LongCat-Flash-Thinking-ZigZag

Updates

  • [2026.1.28] We have provided the TileLang kernels supporting prefill (chunked-prefill as well) and decode (multi-token prediction as well). The full attention version is placed at [flash_mla_interface.py](flash_mla_interface.py) while the streaming sparse attention version is placed at [streaming_sparse_attn_interface.py](streaming_sparse_attn_interface.py). Basic usage is offered in the following code snippet:
from flash_mla_interface import flash_mla_varlen_func, flash_mla_with_kvcache
from streaming_sparse_attn_interface import streaming_sparse_attn_varlen_func, streaming_sparse_attn_with_kvcache

full_attn_out = flash_mla_varlen_func_(
q, # [nnz_q, num_heads_q, head_dim_qk]
k, # [nnz_k, num_heads_k, head_dim_qk]
v, # [nnz_k, num_heads_v, head_dim_vo]
cu_seqlens_q,
cu_seqlens_k,
max_seqlen_q,
max_seqlen_k,
softmax_scale,
causal=True
)
stream_attn_out = streaming_sparse_attn_varlen_func_(
q,
k,
v,
cu_seqlens_q,
cu_seqlens_k,
max_seqlen_q,
max_seqlen_k,
softmax_scale,
causal=True
)

full_attn_out = flash_mla_with_kvcache(
q, # [batch_size, seqlen_q, num_heads_q, head_dim_nope + head_dim_rope]
blocked_k, # [num_pages, page_size, num_heads_k, head_dim_nope + head_dim_rope]
cache_seqlens,
block_table,
head_dim_nope,
softmax_scale,
causal=True
)
stream_attn_out = streaming_sparse_attn_with_kvcache(
q,
blocked_k,
cache_seqlens,
block_table,
head_dim_nope,
softmax_scale,
causal=True
)

Benchmarking performance as below:

Model Introduction

Along with LongCat-Flash-Thinking-2601, we introduce an efficient alternative termed LongCat-Flash-Thinking-ZigZag. LongCat-Flash-Thinking-ZigZag is nothing different from LongCat-Flash-Thinking-2601 except that it is further enhanced by LongCat ZigZag Attention (LoZA). LoZA is essentially a sparse attention scheme designed to transform any existing full-attention models into sparse versions with rather limited compute budget. In long-context scenarios, LoZA can achieve significant speed-ups both for prefill-intensive (e.g., retrieval-augmented generation) and decode-intensive (e.g., tool-integrated reasoning) cases. Specifically, by diverging LongCat-Flash-Thinking-ZigZag from LongCat-Flash-Thinking-2601 during mid-training using LoZA, we serve LongCat-Flash-Thinking-ZigZag as a long-context foundation model that can swiftly process a long range of tokens, enabling efficient long-term reasoning and long-horizon agentic capabilities.

Key Features

🧮 Limited Compute Overhead

LongCat ZigZag Attention (LoZA) firstly uncovers the layers that can be sparsified without hurting much performance, secondly sparsifies the layers that can be further trained to close performance gap. The whole process behaves very much like what has been described in *lottery tickets hypothesis*. In theory, a mid-trained LM is sequentially sparsified, rewound, mid-trained to maximally recover the full performance. In other words, the calibration starts at the end of mid-training while the training starts at the beginning of the mid-training, resulting in rather marginal compute overhead compared to training from scratch.

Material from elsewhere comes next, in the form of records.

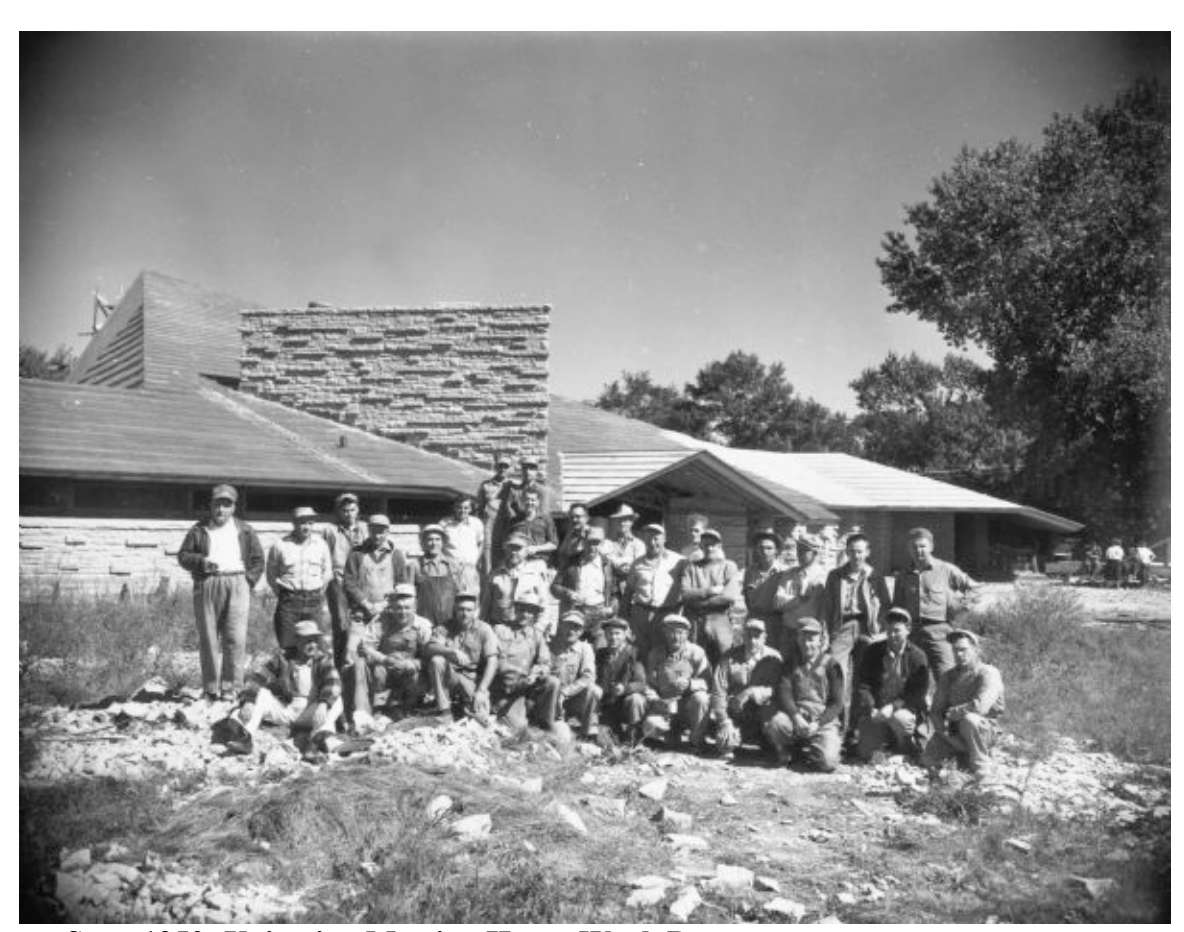
ca. Sept. 1950: Unitarian Meeting House Work Day. Image ID: WHi-26524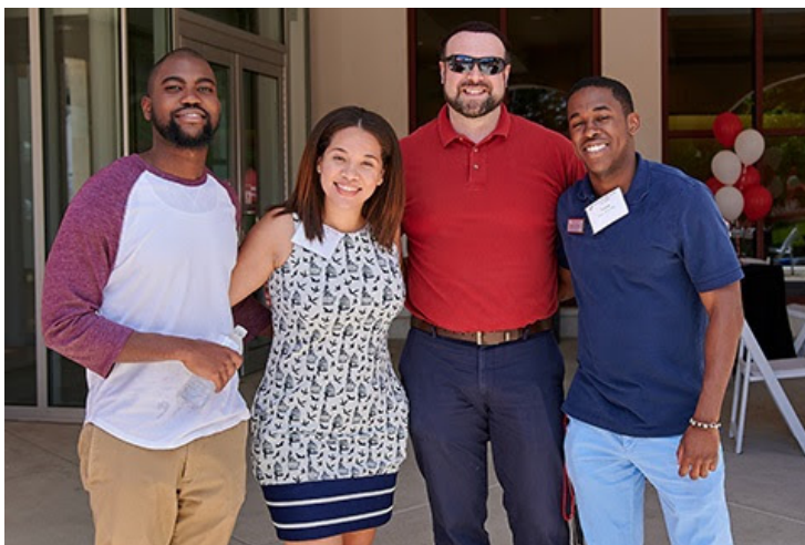
Alumni Campus Employees (ACE) Kick off the Summer with a BBQ

We're announcing a fun and exciting series of events throughout the summer months to bring Montclair State alumni together! From a science filled afternoon to casual networking gatherings, there is something for everyone. Celebrate summer and your alma mater by spending a day with fellow graduates and friends. Our first event of this series was a Red Hawk Happy Hour and networking opportunity at the Red Rock Tap + Grill in Red Bank on July 16. Mark your calendars and join us on Sunday, July 28, for a day at Liberty Science Center! [Learn more]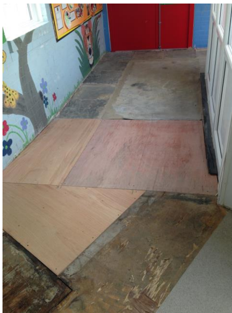
Just waiting for the new flooring.

📈 Efficient Context Scaling

LoZA enables 50\% sparsity in LongCat-Flash-Thinking-ZigZag, the compute brought by attention should be ideally reduced by a factor of 2. For long-context circumstances where attention dominates the compute, the efficiency could be maximally lifted to 2 times of the original. Promoted by our efforts in kernel and engine customizations, in Figure below, the streaming sparse attention kernel could minimally use 90\% less cost in decode compared to full attention kernel (i.e., FlashMLA) for a context of 128K tokens. Meanwhile, in end-to-end benchmarking, LongCat-Flash-Thinking-ZigZag realizes more than 50\% speed-up in prefill and saves over 30\% cost in decode for a context of 256K tokens.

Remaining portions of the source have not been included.